=== Data to process ===
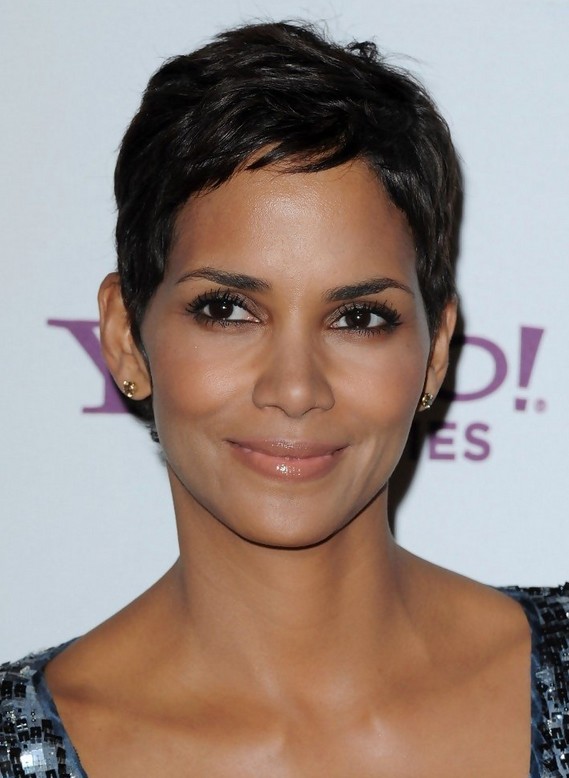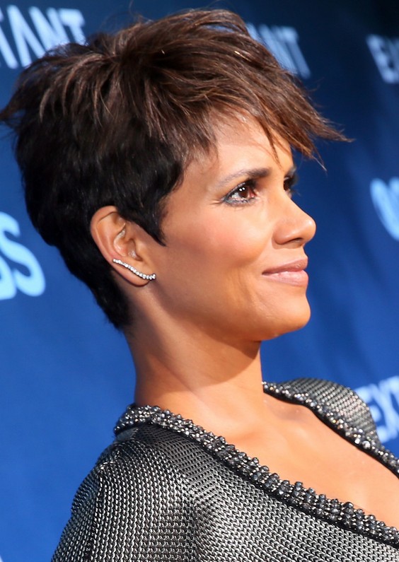 This version of Halle Berry’s signature haircut, the pixie-is much shorter in the crown than the previous photo. It is actually closer to the popular boy cut.
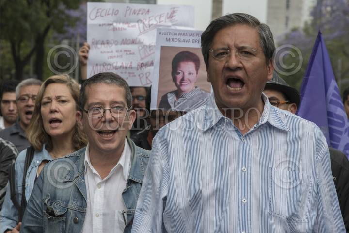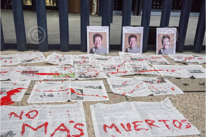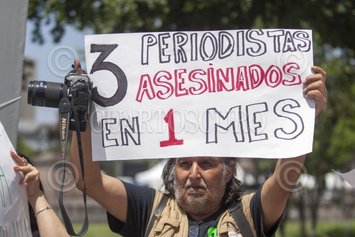 CHILPANCINGO, GUERRERO, 24MARZO2017.- Trabajadores de diferentes medioS de comunicación se manifestaron frente a la delegación de la Procuraduría General de la Republica, para exigir justicia por la reportera de La Jornada Miroslava Breach Velducea, que fue asesinada en Chihuahua. FOTO: JOSÉ I. HERNÁNDEZ / CUARTOSCURO.COM
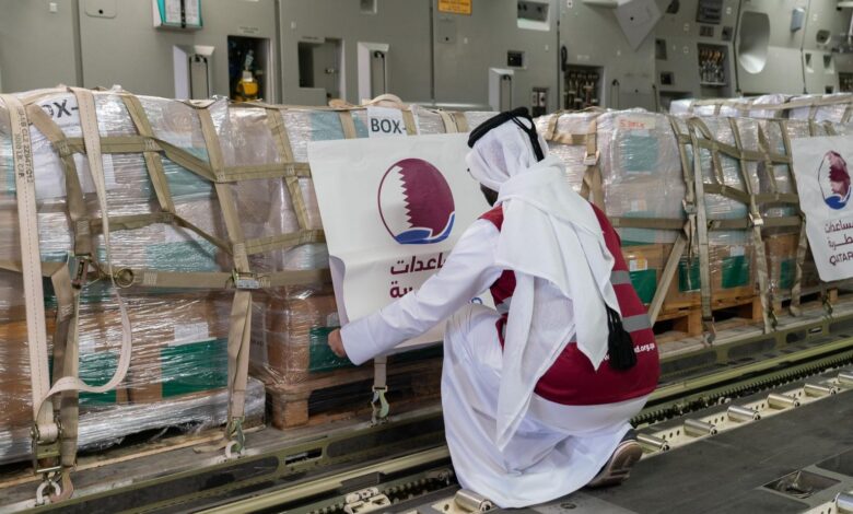 توجهت إلى مدينة العريش في جمهورية مصر العربية الشقيقة، اليوم، طائرة تابعة للقوات المسلحة القطرية، تحمل 41 طنا من المواد الغذائية، مقدمة من صندوق قطر للتنمية، تمهيدا لنقلها إلى غزة، ليبلغ بذلك مجموع الطائرات 14 طائرة بإجمالي 533 طنا من المساعدات.وتأتي هذه المساعدات في إطار مساندة دولة قطر للشعب الفلسطيني الشقيق، ودعمها…
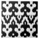 Moroccan inspired damask pattern of interlocking positive / negative fleur-de-lis shapes with a striated, Ikat woven texture - classic black and white ceramic tile
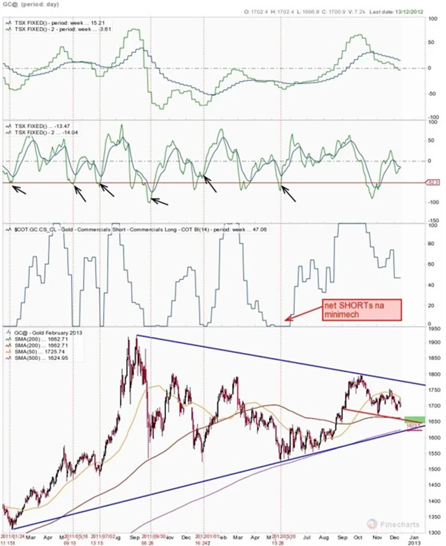 Skupina Commercials (těžební a zpracovatelské firmy) je nejvýznamnější skupinou při určení toho, kam se bude cena zlata ubírat. Černé šipky ukazují typické nákupní situace v minulosti. Vždy, když držely na futures trhu Commercials výraznou převahu LONG pozic (spekulanti drželi SHORT pozice) a zakreslený oscilátor TSX ve druhém grafu shora obrátil k růstu zpod úrovně -50 bodů, došlo k mnohatýdennímu růstu ceny zlata.
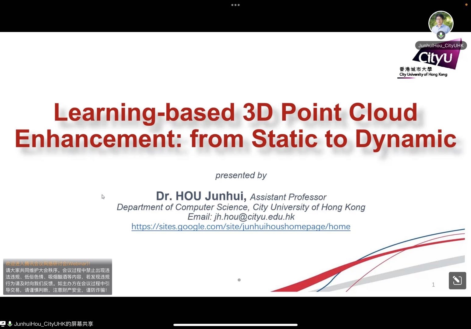 2022年7月8日,应万象城官网电子信息工程学院和科学技术研究院邀请,香港城市大学计算机科学系助理教授、博士生导师侯军辉在线上作了题为《Learning-based 3D Point Cloud Enhancement:from Static to Dynamic》的学术报告。报告由电子信息工程学院副院长王安红教授主持,百余名师生分别在线上和线下听取了学术报告。
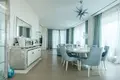 The apartment has a luxurious interior, which contains the highest quality materials and the latest technology. The sophisticated exterior created according to the highest world standards is decorated with a spacious terrace with a panoramic view of the sea, terrace furniture and a jacuzzi.
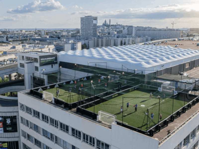 The Center, located at a height of 39 meters with a view of the Eiffel Tower and the Sacré Cœur, has 6 indoor Football pitches and 2 outdoor pitches.
===
Task to carry out |
Reproduce exactly the lines above that run from the one with "توجهت إلى مدينة" to the one with "Moroccan inspired damask", both included, leaving pictures out.

Expected answer |
 توجهت إلى مدينة العريش في جمهورية مصر العربية الشقيقة، اليوم، طائرة تابعة للقوات المسلحة القطرية، تحمل 41 طنا من المواد الغذائية، مقدمة من صندوق قطر للتنمية، تمهيدا لنقلها إلى غزة، ليبلغ بذلك مجموع الطائرات 14 طائرة بإجمالي 533 طنا من المساعدات.وتأتي هذه المساعدات في إطار مساندة دولة قطر للشعب الفلسطيني الشقيق، ودعمها…
 Moroccan inspired damask pattern of interlocking positive / negative fleur-de-lis shapes with a striated, Ikat woven texture - classic black and white ceramic tile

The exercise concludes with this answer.